Traumatic Break of the Ascending Aorta: About a Case
Andrea Perrotti1, Abdoulaye Kanté2*, Bréhima Coulibaly2, Mamadou Almamy Keita2, Drissa Traoré2, Mamadou Diakité3, Mariam Daou4, Bakary Keita5, Birama Togola2, Nouhoum Ongoïba2, Harrison Haight1, Anne Sophie Lacagne1, Julie Ritter1, Anne Claire Mogenet1, Enrica Dorigo1, Camille Durst1, Djamel Kaili1, François Clement1, Sidney Chocron1
1Service of Thoracic and Cardiovascular Surgery, The University Hospital of Besançon, Besançon, France.
2General Surgery Department, CHU Point G, Bamako, Mali.
3Cardiology Department of the CHU of the Point G, Faculty of Medicine and Odontostomatology of Bamako, Bamako, Mali.
4Service of Neurology, Gabriel Touré Teaching Hospital, Bamako, Mali.
5Anesthesia Service and Resuscitation Department, CHU Gabriel Touré, Bamako, Mal.
DOI: 10.4236/ojts.2018.84011   PDF    HTML   XML   730 Downloads   1,351 Views  

Abstract

The traumatic break of the ascending aorta is rare. We bring report the case of a 40-year-old man, a victim of accident of the public highway having caused a break of the posterior face of the ascending aorta. The explorations scanno graphique and per operating highlighted this break. The treatment consisted of an edge-to-edge direct suture of the ascending aorta.


Share and Cite:

Perrotti, A. , Kanté, A. , Coulibaly, B. , Keita, M. , Traoré, D. , Diakité, M. , Daou, M. , Keita, B. , Togola, B. , Ongoïba, N. , Haight, H. , Lacagne, A. , Ritter, J. , Mogenet, A. , Dorigo, E. , Durst, C. , Kaili, D. , Clement, F. and Chocron, S. (2018) Traumatic Break of the Ascending Aorta: About a Case.

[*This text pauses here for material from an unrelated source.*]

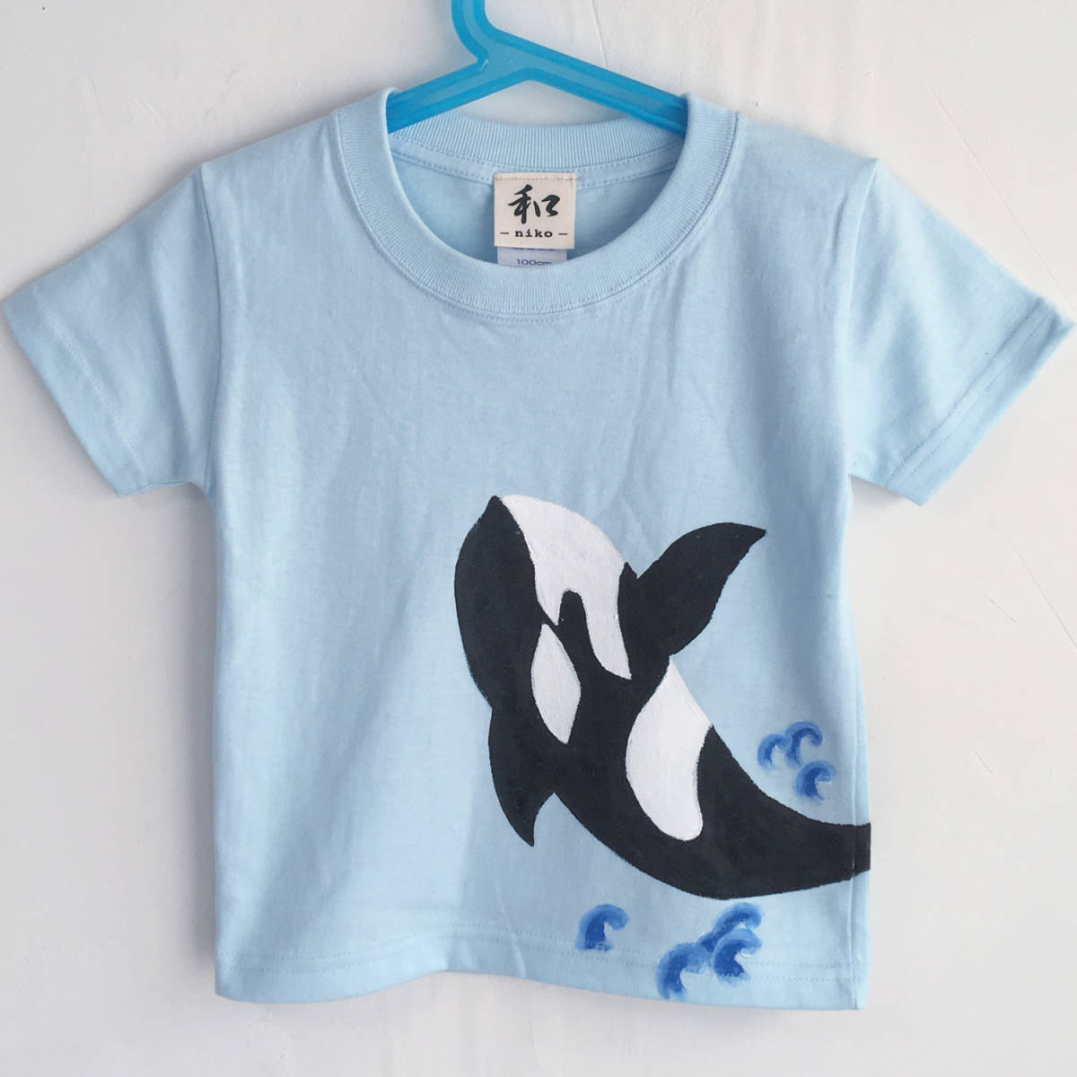 > キッズ Tシャツ 150サイズ ブルー シャチTシャツ 手描きで描いたシャチのTシャツ 半袖 動物 子供服 ハンドメイド

Open Journal of Thoracic Surgery, 8, 63-67. doi: 10.4236/ojts.2018.84011.

1. Introduction

The traumatic break of the thoracic aorta (RTA) establishes a medical surgical urgency among which the morbidity and the mortality remain still raised in spite of important progress [1] . The accidents of the public highway establish the first cause of RTA especially with the increase of driving speeds. The second big cause is the fall of a big height consecutive to occupational accidents or of defenestration [2] . It is the pathology which affects preferentially a young, mainly male population [3] . From the topographic point of view, the aortic isthmus, is widely dominant (90% - 98%) [4] [5] . The ascending aorta is more rarely concerned. We bring report the case of a 40-year-old man, a victim of an accident of the public highway, having caused a polytraumatisme with to the thoracic level a break of the ascending aorta.

2. Observation

It is about a 40-year-old man, a driver of motorcycle, a victim of an AVP motorcycle VL with high kinetics with frontal impact and antero-posterior thoracic compression.

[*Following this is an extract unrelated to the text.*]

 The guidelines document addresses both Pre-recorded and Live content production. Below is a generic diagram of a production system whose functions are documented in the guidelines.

In the admission, the patient was conscious with a score of Glasgow in 15/15, polypnéique tachycardia and unstable on the hemodynamique plan.

The clinical examination highlighted pains in the palpation of the breastbone, the right collarbone and the right hemi thorax with emphysema under cutaneous. There was also a palpatoire pain at the level of the hypochondria and of the custard tart right.

An abdominal ultrasound showed an effusion of low abundance at the renal died level with bladder full of hematiques urines.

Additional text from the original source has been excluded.